--- Required work ---
Each line below from the one containing "VA 面板 - 提供 1ms(MPRT)反應時間,優化螢幕色彩和亮度" through the one containing "邀请学工部学生资助中心刘程老" should be output exactly as it stands, and no other line should appear.

--- Provided entries ---
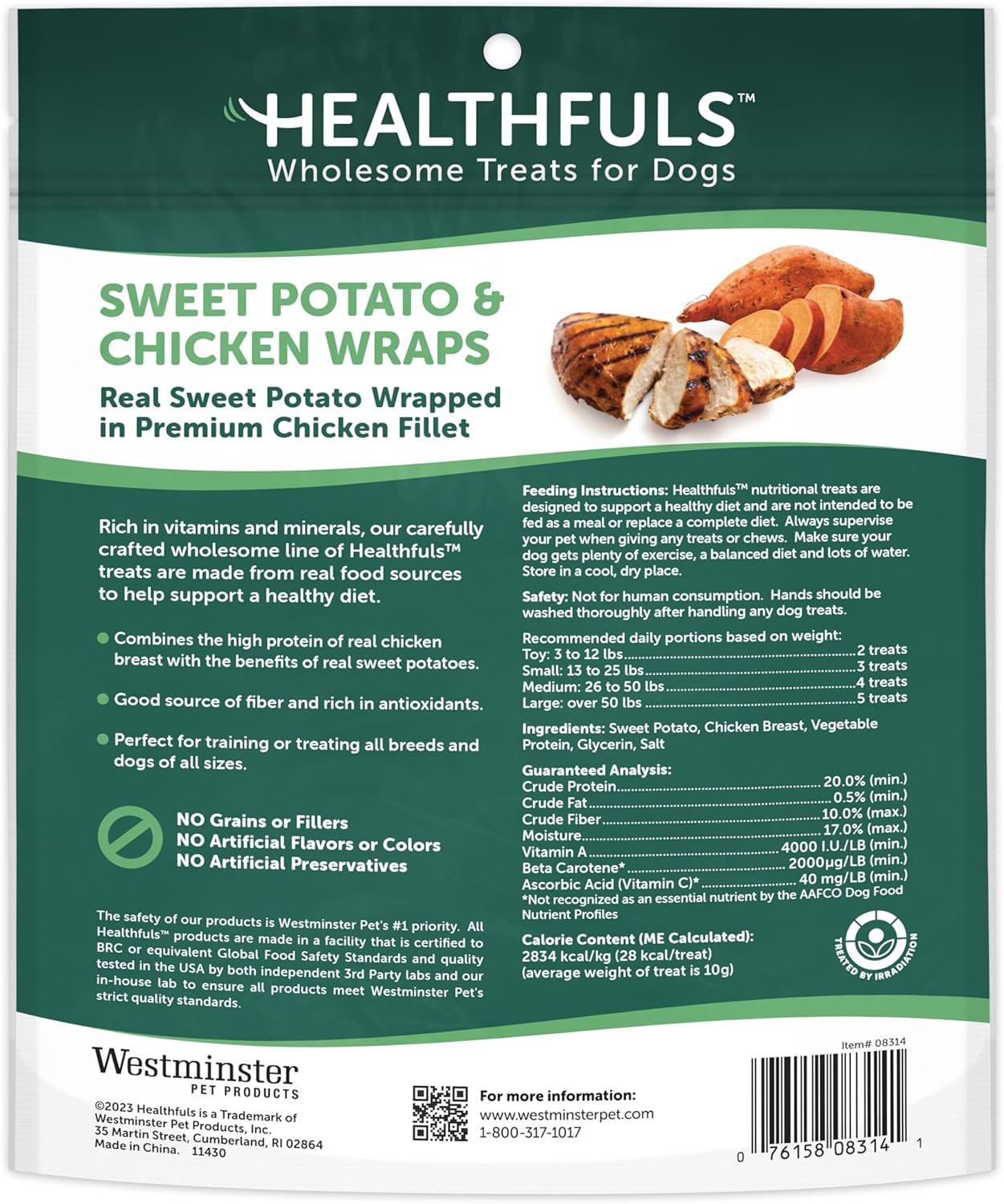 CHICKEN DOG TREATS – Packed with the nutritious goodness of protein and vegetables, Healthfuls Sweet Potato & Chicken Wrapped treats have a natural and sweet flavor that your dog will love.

...

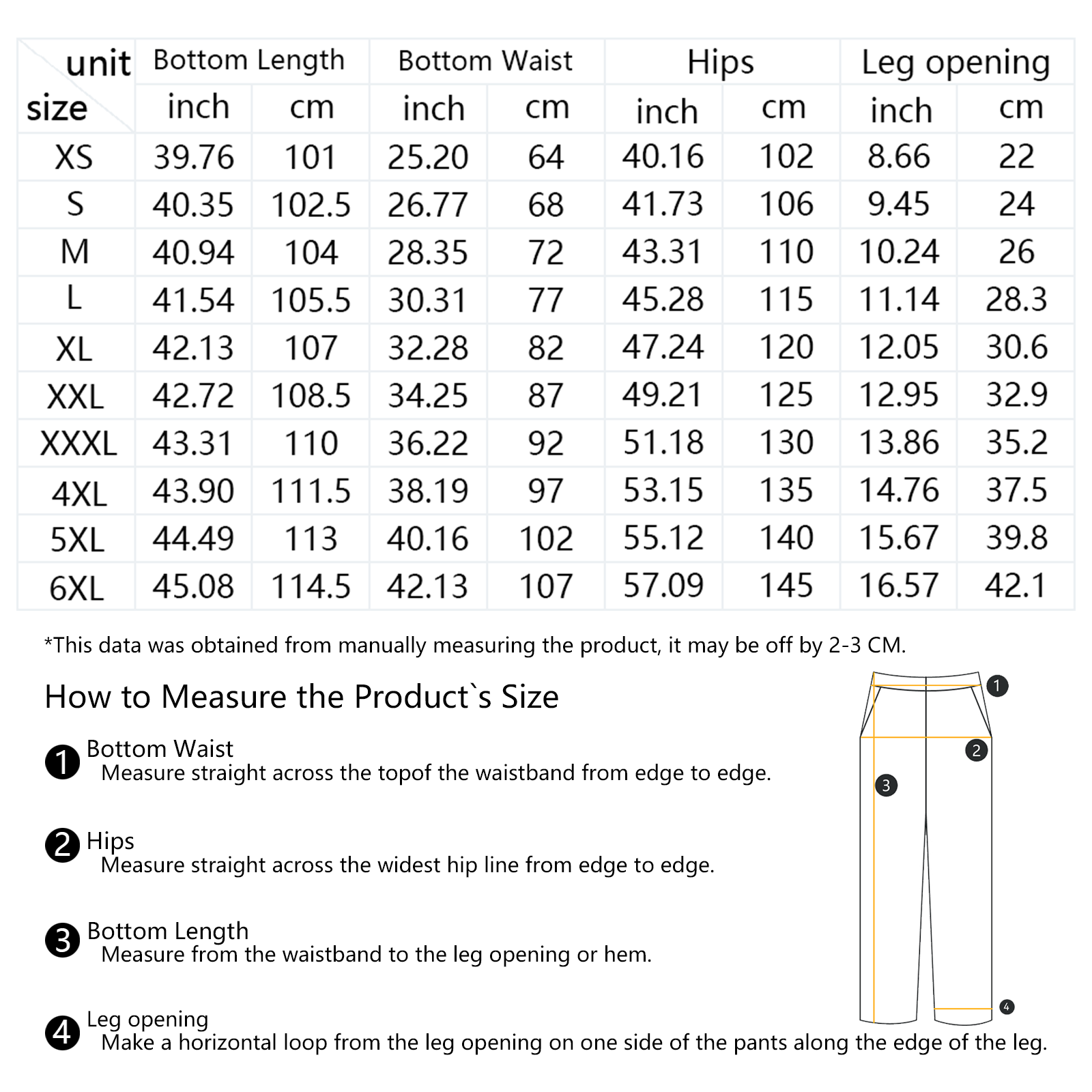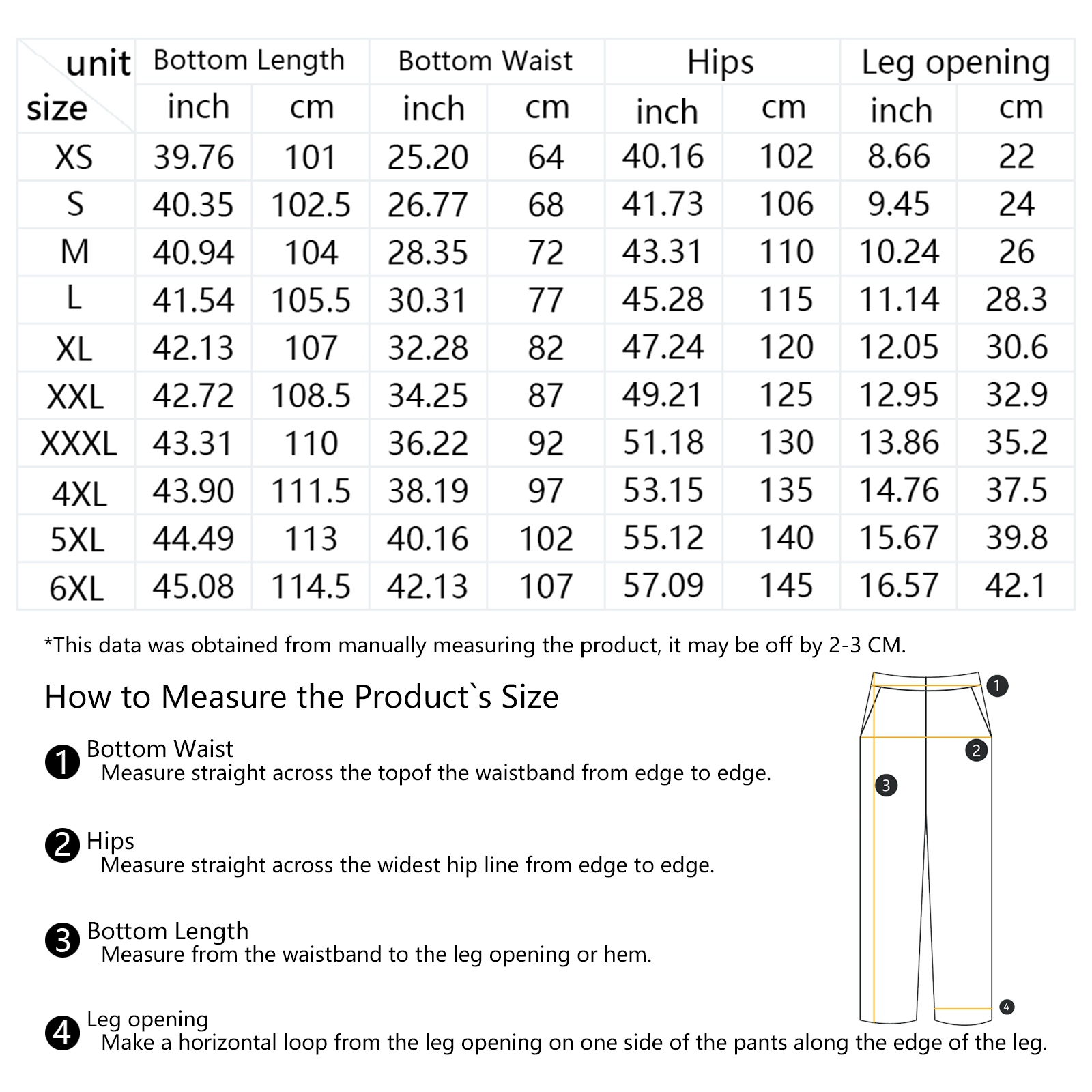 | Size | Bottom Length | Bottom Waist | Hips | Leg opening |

* * *

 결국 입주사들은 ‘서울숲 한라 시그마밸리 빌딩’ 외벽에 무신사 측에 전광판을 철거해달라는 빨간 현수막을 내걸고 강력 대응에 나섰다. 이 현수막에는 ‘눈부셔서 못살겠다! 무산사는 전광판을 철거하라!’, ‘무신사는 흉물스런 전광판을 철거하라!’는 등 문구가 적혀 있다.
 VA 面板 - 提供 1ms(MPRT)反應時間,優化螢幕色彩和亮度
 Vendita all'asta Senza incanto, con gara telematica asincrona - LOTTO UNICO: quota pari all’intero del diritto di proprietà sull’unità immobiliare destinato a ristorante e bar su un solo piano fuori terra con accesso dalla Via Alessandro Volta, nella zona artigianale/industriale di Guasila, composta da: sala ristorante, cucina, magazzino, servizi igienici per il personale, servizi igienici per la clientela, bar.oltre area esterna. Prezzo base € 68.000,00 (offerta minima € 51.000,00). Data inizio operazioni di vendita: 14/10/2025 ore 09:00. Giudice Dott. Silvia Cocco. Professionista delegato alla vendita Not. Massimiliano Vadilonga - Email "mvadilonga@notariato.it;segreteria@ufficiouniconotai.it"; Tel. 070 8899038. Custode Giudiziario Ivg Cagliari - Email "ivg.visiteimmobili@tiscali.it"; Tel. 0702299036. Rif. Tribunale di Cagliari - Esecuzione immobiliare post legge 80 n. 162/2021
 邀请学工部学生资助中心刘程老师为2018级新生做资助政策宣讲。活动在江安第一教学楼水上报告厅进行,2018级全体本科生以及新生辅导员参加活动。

--- Written solution ---
 VA 面板 - 提供 1ms(MPRT)反應時間,優化螢幕色彩和亮度
 Vendita all'asta Senza incanto, con gara telematica asincrona - LOTTO UNICO: quota pari all’intero del diritto di proprietà sull’unità immobiliare destinato a ristorante e bar su un solo piano fuori terra con accesso dalla Via Alessandro Volta, nella zona artigianale/industriale di Guasila, composta da: sala ristorante, cucina, magazzino, servizi igienici per il personale, servizi igienici per la clientela, bar.oltre area esterna. Prezzo base € 68.000,00 (offerta minima € 51.000,00). Data inizio operazioni di vendita: 14/10/2025 ore 09:00. Giudice Dott. Silvia Cocco. Professionista delegato alla vendita Not. Massimiliano Vadilonga - Email "mvadilonga@notariato.it;segreteria@ufficiouniconotai.it"; Tel. 070 8899038. Custode Giudiziario Ivg Cagliari - Email "ivg.visiteimmobili@tiscali.it"; Tel. 0702299036. Rif. Tribunale di Cagliari - Esecuzione immobiliare post legge 80 n. 162/2021
 邀请学工部学生资助中心刘程老师为2018级新生做资助政策宣讲。活动在江安第一教学楼水上报告厅进行,2018级全体本科生以及新生辅导员参加活动。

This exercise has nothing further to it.